In the early 1980s, it was recognized that blood donors harboring B. microti can transmit the parasite to recipients (5). A subsequent study reported 159 cases of transfusion-transmitted babesiosis (TTB) due to B. microti and 3 cases due to Babesia duncani between 1979 and 2009 (6). Approximately 87% of the TTB index cases occurred in the seven states where B. microti is endemic. A more recent compilation of TTB cases indicates that there have been more than 256 cases reported (7). The estimated risk of TTB in selected counties of endemicity is 1 per 101,000 donations, with greater risk in counties of high endemicity (8). The number of transfusion-associated B. microti cases is likely much higher as many cases are either not recognized or not reported. Currently, B. microti is the highest-ranking transfusion-transmitted pathogen for which there is no blood donor screening test in the United States, and it is the leading cause of transfusion-associated death attributed to an infectious pathogen (9). Additionally, organ transplantation has been implicated in B. microti transmission as recipients of renal allografts from an untested organ donor have transmitted B. microti (10).

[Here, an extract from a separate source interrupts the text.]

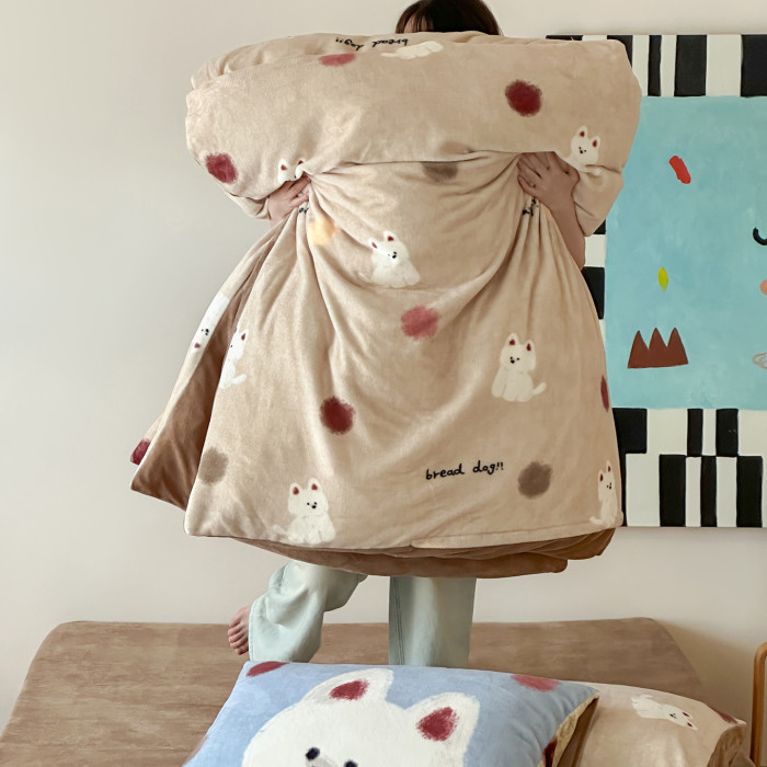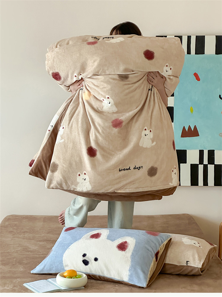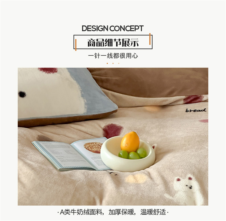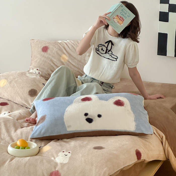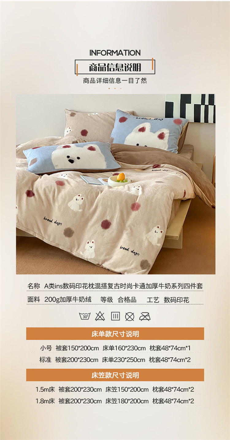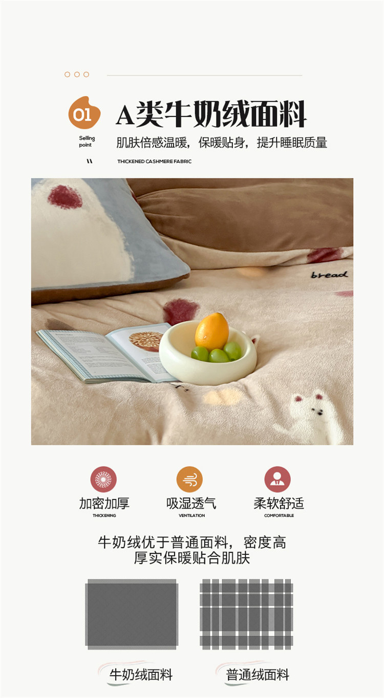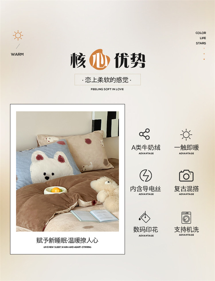 【泡芙狗】秋冬牛奶絨四件套卡通可愛少女心加絨保暖宿捨三件套

Currently, there are no licensed molecular or serologic tests to screen blood donors for B. microti. The most widely used method for diagnosis of infection is an indirect fluorescent antibody (IFA) test which employs B. microti parasitized erythrocytes as the antigen source (11–13). While the IFA test is useful, the assay is labor-intensive, not standardized or automated, and not easily adaptable to modern blood screening practices. The IFA assay has been estimated to have 88 to 96% sensitivity and 90 to 100% specificity (11), which may not meet current expectations for blood screening (14). Tests for the detection of active babesiosis include nucleic acid tests (NATs) and blood smear tests. Blood smear tests are not as sensitive as molecular tests and are not suitable for blood screening. Molecular tests target the 18S rRNA gene of B. microti in infected whole red blood cells (15–19). It is estimated that less than 1% of erythrocytes are parasitized early in the course of infection, and the proportion can vary throughout infection (20), with more cases detected via molecular testing than by blood smear.
Two investigational assays (the Immunetics enzyme immunoassay [EIA] and Imugen arrayed fluorescence immunoassay [AFIA]), designed to detect antibodies to B. microti, are under consideration for use in blood screening. Seroprevalence studies using these investigational assays in areas of endemicity and nonendemicity showed rates ranging from 0.28 to 0.75% and from 0.025 to 0.13%, respectively, with corresponding specificities ranging from 99.93 to 99.98% (21, 22). From recent studies, no cases of TTB were observed in regions that implemented serologic testing of blood donors or both molecular and serologic testing while in other areas of endemicity where testing was not implemented, TTB was observed (8, 22, 23). These studies suggest that antibody testing may be useful to identify potential parasitemic blood donors and thereby reduce TTB. Molecular testing of whole-blood donations from seropositive samples showed active infection in up to 20% of seropositive samples (8, 21, 22, 24). In one study, AFIA was performed on 89,153 blood donors, resulting in 335 samples that were antibody positive, with 67 being PCR positive; 9 samples were found to be antibody negative but PCR positive (8). Additionally, two seropositive and PCR-negative samples were shown to transmit B. microti upon hamster infection (8). Thus, stand-alone molecular or antibody testing may not be sufficient to ensure a safe blood supply, but this statement will depend on the sensitivity of the molecular test that is being employed. In May 2015, the Blood Product Advisory Committee of the FDA recommended that antibody screening be performed nationwide year round and that molecular testing be performed only in the states of high endemicity (14).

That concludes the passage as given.